3.    Masa Reformasi
Menurut As’ad Said Ali, Masa Reformasi boleh dikatakan sebagai perayaan terhadap kebebasan politik. Lembaga-lembaga politik dan berbagai aturan perundangan warisan rezim sebelumnya mulai ditata ulang secara mendasar. Bahkan UUD 1945 nyaris diamandemen secara keseluruhan, sambil menjumput ide dari berbagai negara yang dianggap sukses menjalankan demokrasi. Instrumen untuk mewujudkan kedaulatan rakyat mengalami perbaikan cukup mendasar. Pemilu dapat dilaksanakan secara bebas, jujur, adil, dan transparan. Presiden dan Wakil Presiden dipilih langsung oleh rakyat. Rakyat dan partai politik bebas menyuarakan anspirasi masing-masing.[14] Jika Orde Baru menabukan perubahan UUD 1945, sebaliknya masa Reformasi memandang sangat perlu perubahan UUD 1945 untuk memperbaiki kehidupan berbangsa dan bernegara.[15]
Namun, liberalisasi politik semasa Reformasi berjalan miskin kualitas. Hal tersebut ditandai oleh instrumen demokrasi yang mengalami defisit besar, pemilu yang kurang mengartikulasi pandangan dan kepentingan pokok masyarakat, serta munculnya elite yang mendominasi. Kecenderungan ini akan mengurangi kepercayaan rakyat yang sangat besar terhadap demokrasi. Bila itu terjadi, sejarah tahun 1959 mungkin akan terulang. Banyak contoh memperlihatkan bahwa negara yang baru memulai proses demokrasi seringkali harus kembali menjadi negara yang otoriter hanya karena tidak mampu mengelola dinamka demokrasi dengan baik.[16]

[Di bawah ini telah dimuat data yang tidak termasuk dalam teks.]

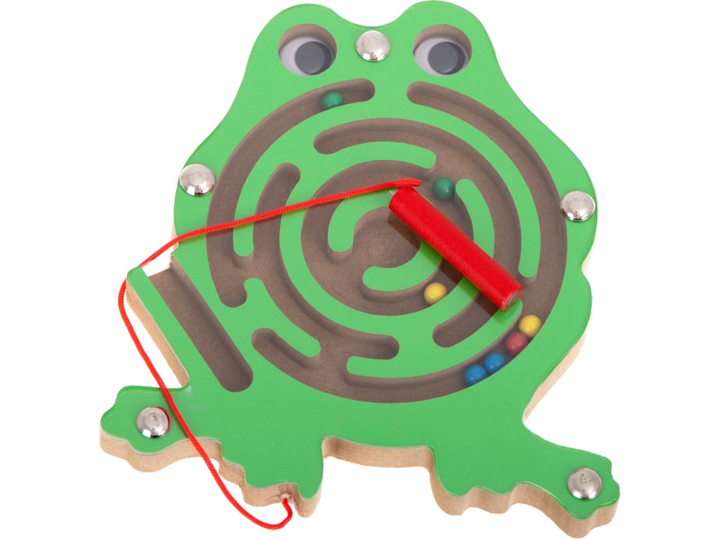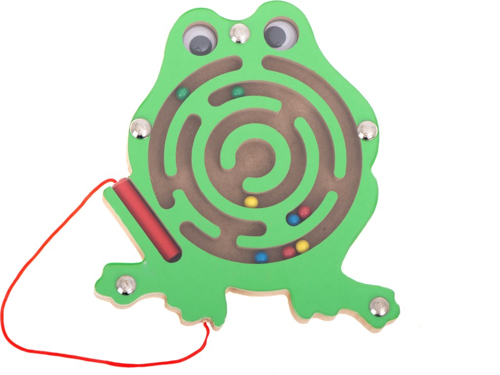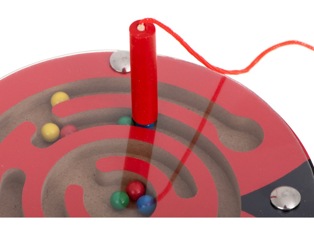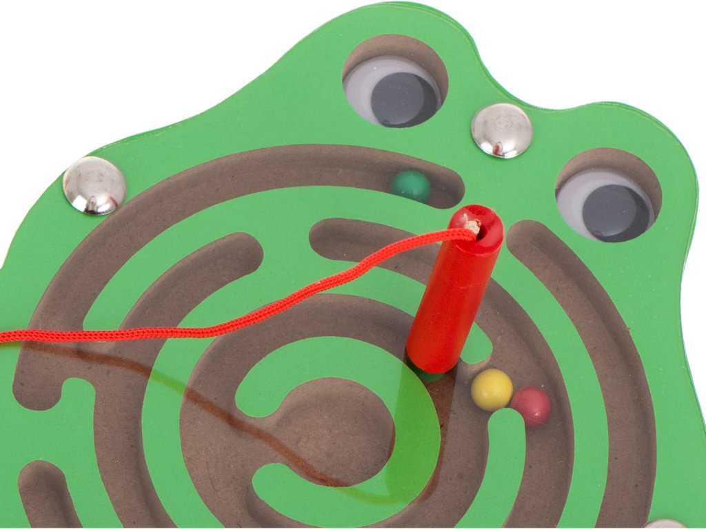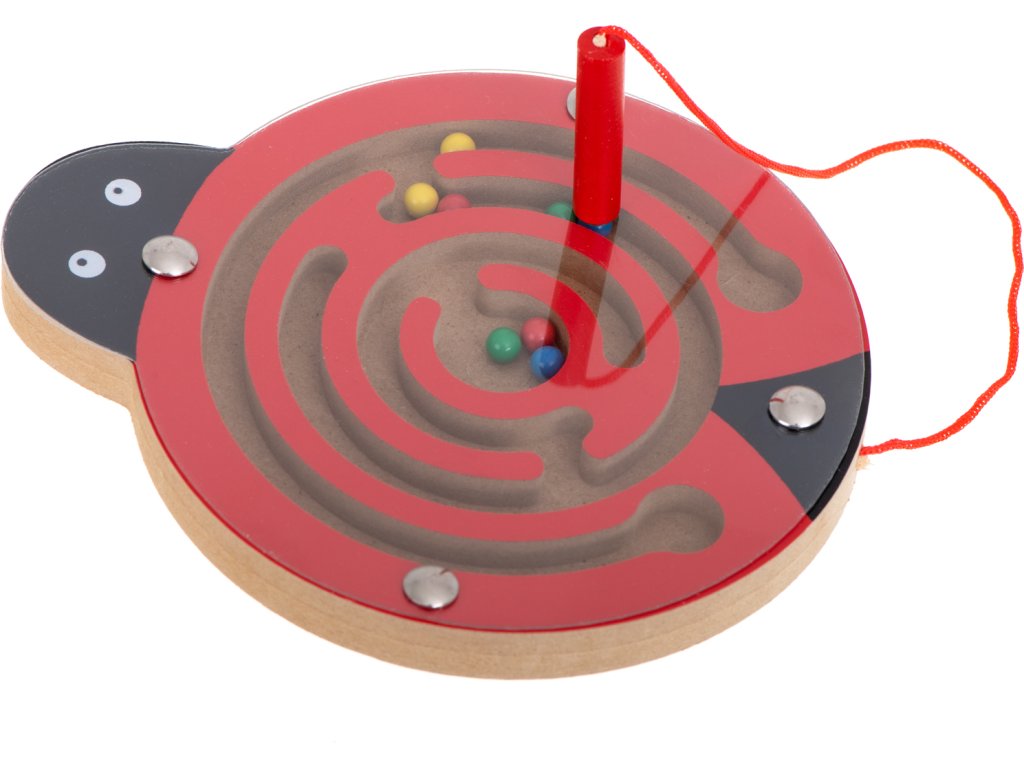 Celý labyrint se skrývá pod tenkým průhledným sklem. Hračka, která zabaví vaše batole uvnitř na celé hodiny. Pozitivně ovlivňuje rozvoj logického myšlení a koordinace oko-ruka. Hra s bludištěm bude navíc skvělým tréninkem koncentrace. Funguje skvěle při učení názvů barev. Také bude perfektním společníkem na dlouhé, únavné cestě. Všechny hrany hračky byly pečlivě obroušeny, aby se tříska nedostala do rukou dítěte. V berušce a žábě se uzavřel labyrint s kovovými kuličkami. Zábava spočívá v tom, že pomocí stylusu s magnetem posunete barevné kuličky do středu. Navíc, aby byl úkol obtížnější, mohou být kuličky vedeny bludištěm otáčením hračky v různých směrech.

B.  Pancasila sebagai Dasar Negara
Secara formal, Pancasila tercantum dalam Pembukaan UUD 1945. Walaupun demikian, secara material nilai-nilai Pancasila ada dan telah berkembang dalam cara hidup rakyat Indonesia jauh sebelum proklamasi kemerdekaan 17 Agustus 1945.[17]
Dalam kehidupan bangsa, dikenal berbagai sebutan bagi Pancasila. Salah satunya adalah Pancasila sebagai dasar negara. Hal ini tertera pada alinea ke-empat dalam Pembukaan UUD 1945, “...maka disusunlah kemerdekaan Indonesia itu dalam suatu Undang-undang Dasar Negara Indonesia, yang terbentuk dalam suatu susunan negara Republik Indonesia yang berkedaulatan rakyat dengan berdasar kepada: Ketuhan Yang Maha Esa, Kemanusiaan yang adil dan beradab, Persatuan Indonesia, dan Kerakyatan yang dipimpin oleh khidmat kebijaksanaan dalam permusyawaratan/perwakilan, serta dengan mewujudkan suatu Keadilan sosial bagi seluruh rakyat Indonesia.”[18]

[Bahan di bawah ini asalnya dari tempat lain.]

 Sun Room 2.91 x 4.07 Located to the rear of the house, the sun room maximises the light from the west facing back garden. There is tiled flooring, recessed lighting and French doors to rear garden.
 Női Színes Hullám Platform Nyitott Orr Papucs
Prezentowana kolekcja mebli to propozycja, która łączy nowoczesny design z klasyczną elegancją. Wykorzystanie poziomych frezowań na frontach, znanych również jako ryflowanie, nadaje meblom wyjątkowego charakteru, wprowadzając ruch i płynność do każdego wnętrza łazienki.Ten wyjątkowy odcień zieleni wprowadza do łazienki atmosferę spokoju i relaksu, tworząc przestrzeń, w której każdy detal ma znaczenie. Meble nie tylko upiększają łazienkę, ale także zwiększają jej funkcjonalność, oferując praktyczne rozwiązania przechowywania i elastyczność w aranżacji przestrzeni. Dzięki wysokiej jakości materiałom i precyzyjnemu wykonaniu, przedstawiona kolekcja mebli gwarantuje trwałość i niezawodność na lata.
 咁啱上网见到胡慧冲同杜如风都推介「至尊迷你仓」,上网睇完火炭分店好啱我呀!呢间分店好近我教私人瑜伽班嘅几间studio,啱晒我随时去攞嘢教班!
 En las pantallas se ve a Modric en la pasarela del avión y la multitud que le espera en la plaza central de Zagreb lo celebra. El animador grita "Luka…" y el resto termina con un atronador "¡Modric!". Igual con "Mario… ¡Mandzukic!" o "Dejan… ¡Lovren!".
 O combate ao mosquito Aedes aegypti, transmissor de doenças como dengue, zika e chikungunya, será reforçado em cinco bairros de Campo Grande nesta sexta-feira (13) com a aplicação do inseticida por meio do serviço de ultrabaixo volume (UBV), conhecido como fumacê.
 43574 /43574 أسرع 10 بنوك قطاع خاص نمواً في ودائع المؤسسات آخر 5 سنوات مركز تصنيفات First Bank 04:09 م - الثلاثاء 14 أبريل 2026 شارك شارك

Sebagai dasar negara, Pancasila merupakan suatu asas kerohanian yang dalam ilmu kenegaraan populer disebut sebagai dasar filsafat negara (Philosofische Gronslag). Dalam kedudukan ini, Pancasila merupakan sumber nilai dan sumber norma dalam setiap aspek penyelenggaraan negara, termasuk sebagai sumber tertib hukum di negara Republik Indonesia. Konsekuensinya, seluruh peraturan perundang-undangan serta penjabarannya senantiasa berdasarkan nilai-nilai yang terkandung dalam sila-sila Pancasila.[19]

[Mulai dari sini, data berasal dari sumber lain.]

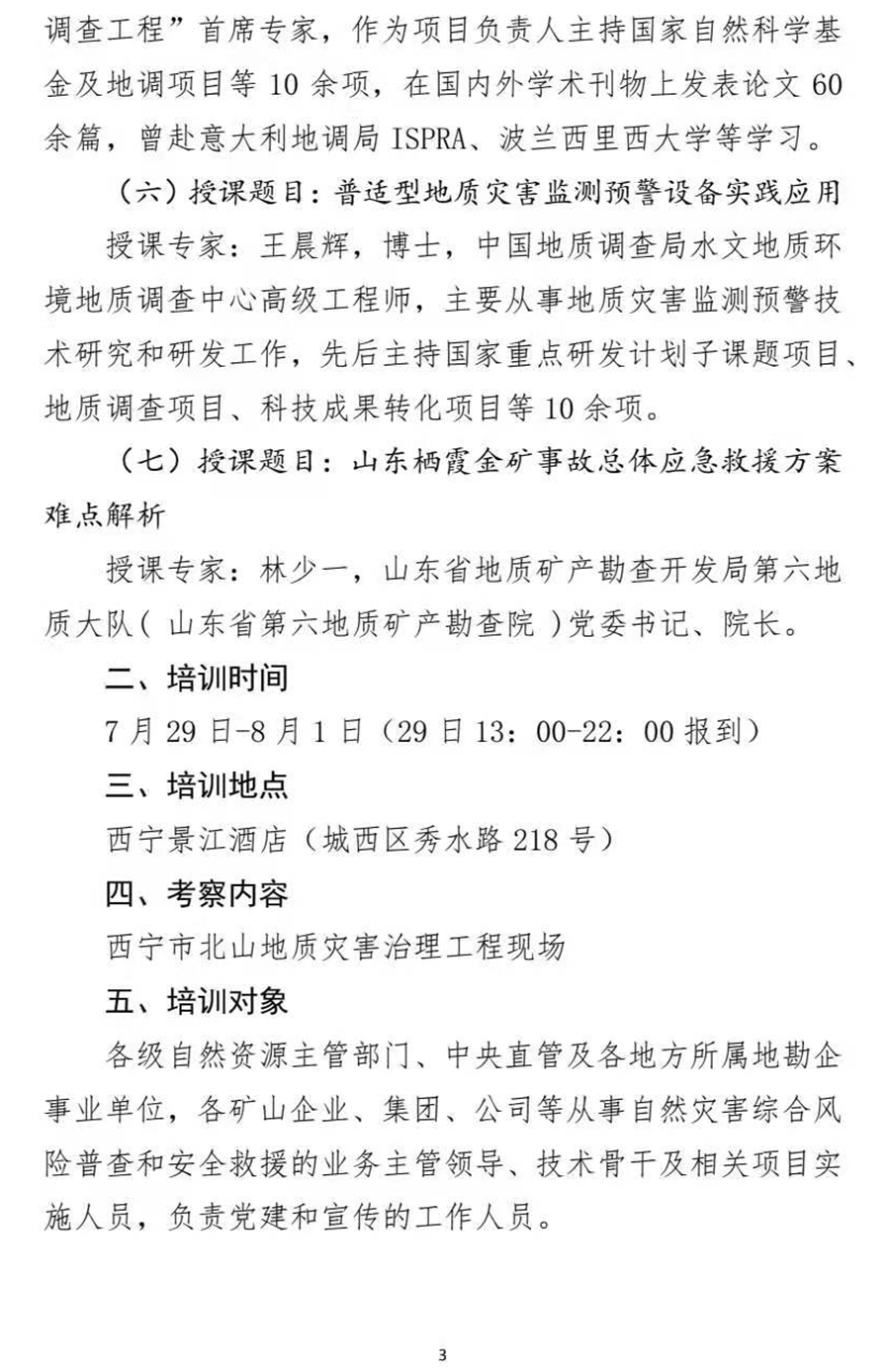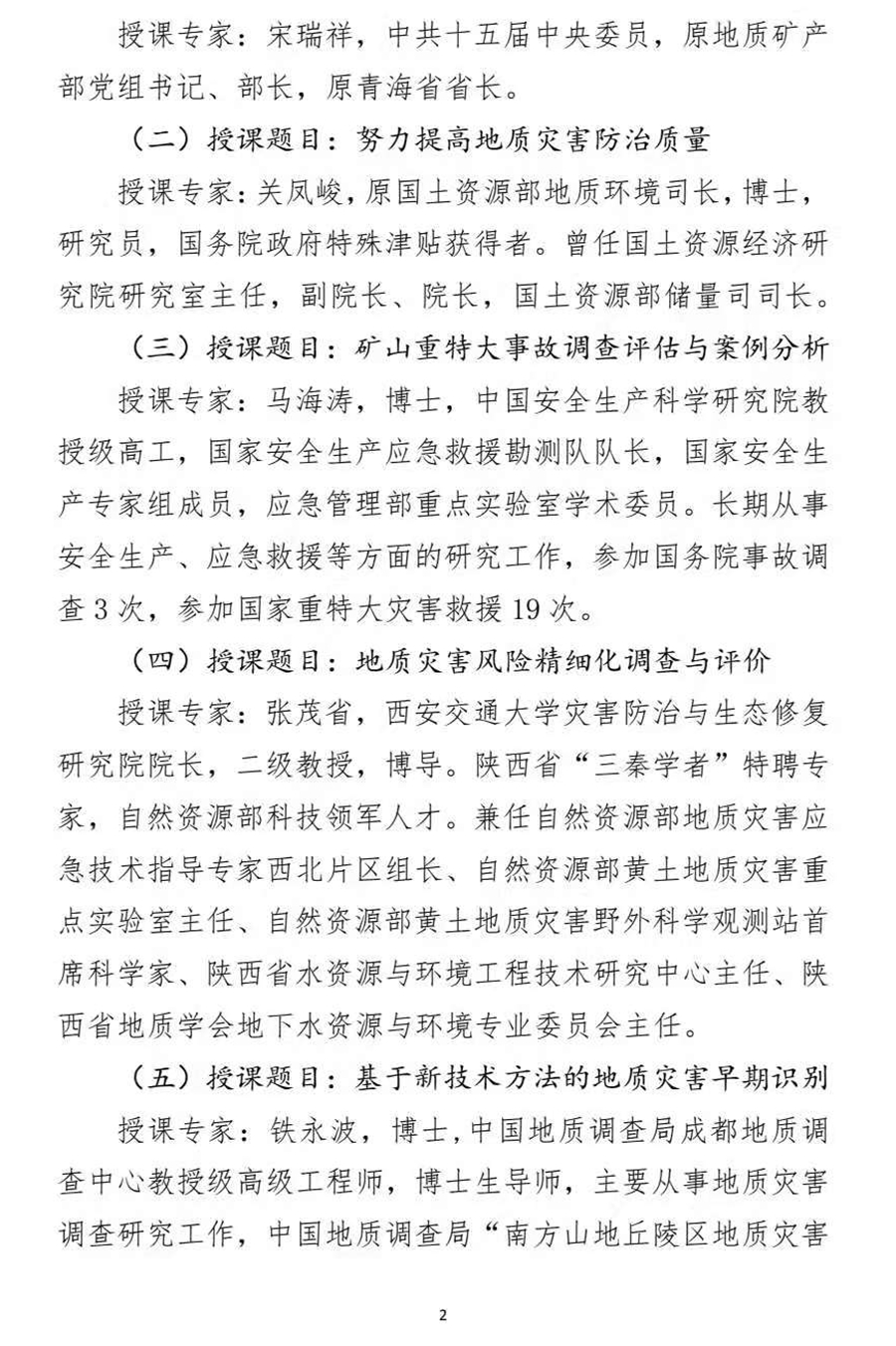 授課題目包括:從百年黨史中吸取地質轉型發(fā)展的智慧和力量,努力提高地質災害防治質量,礦山重特大事故調查評估與案例分析,地質災害風險精細化調查與評價,基于新技術方法的地質災害早期識別,普適型地質災害監(jiān)測預警設備實踐應用,山東棲霞金礦事故總體應急救援方案難點解析等七大課目。

Pancasila sebagai ideologi tebuka memiliki ciri has, yaitu nilai atau cita-citanya tidak dipaksakan dari luar, melainkan digali dan diambil dari harta kekayaan nurani, moral, dan budaya masyarakat itu sendiri. Dasarnya bukan pada keyakinan sekelompok orang, melainkan hasil musyawarah dan konsensus dari masyarakat tersebut.[20] Ideologi yang terbuka itu hidup dan berkembang bersama dinamika perkembangan kehidupan dari satu generasi ke generasi berikutnya. Artinya, ideologi terbuka mengandung dinamika internal yang memungkinkannya untuk memperbaharui maknanya dari waktu ke waktu, sehingga isinya tetap relevan dan komunikatif sepanjang jaman, tanpa menyimpang apalagi mengingkari hakikat atau jati dirinya.[21] Namun, bagaimana pun dinamis dan terbukanya,  pasti ada kesepakatan bersama. Tidak semua penafsiran Pancasila bisa diterima. Ada tafsir yang benar dan ada yang salah. Pasalnya, jika Pancasila ditafsirkan dengan serba terbuka, dinamis, dan relatif sehingga tidak ada satu pun penafsiran yang dapat dikatakan benar, Pancasila akan kehilangan perannya sebagai dasar negara.[22]

C.  Tafsir Pancasila
Pancasila yang benar adalah yang dapat dipertanggung jawabkan secara yuridis dan konstitusional dan secara obyektif ilmiah. Secara yuridis konservatif, Pancasila sebagai dasar negara yang dipergunakan sebagai dasar mengatur menyelenggarakan pemerintah negara. Secara obyektif ilmiah karena Pancasila adalah suatu paham filsafat, suatu philosophical way of thinking atau philosophical system, sehingga uraiannya harus logis dan dapat diterima oleh akal sehat.[23]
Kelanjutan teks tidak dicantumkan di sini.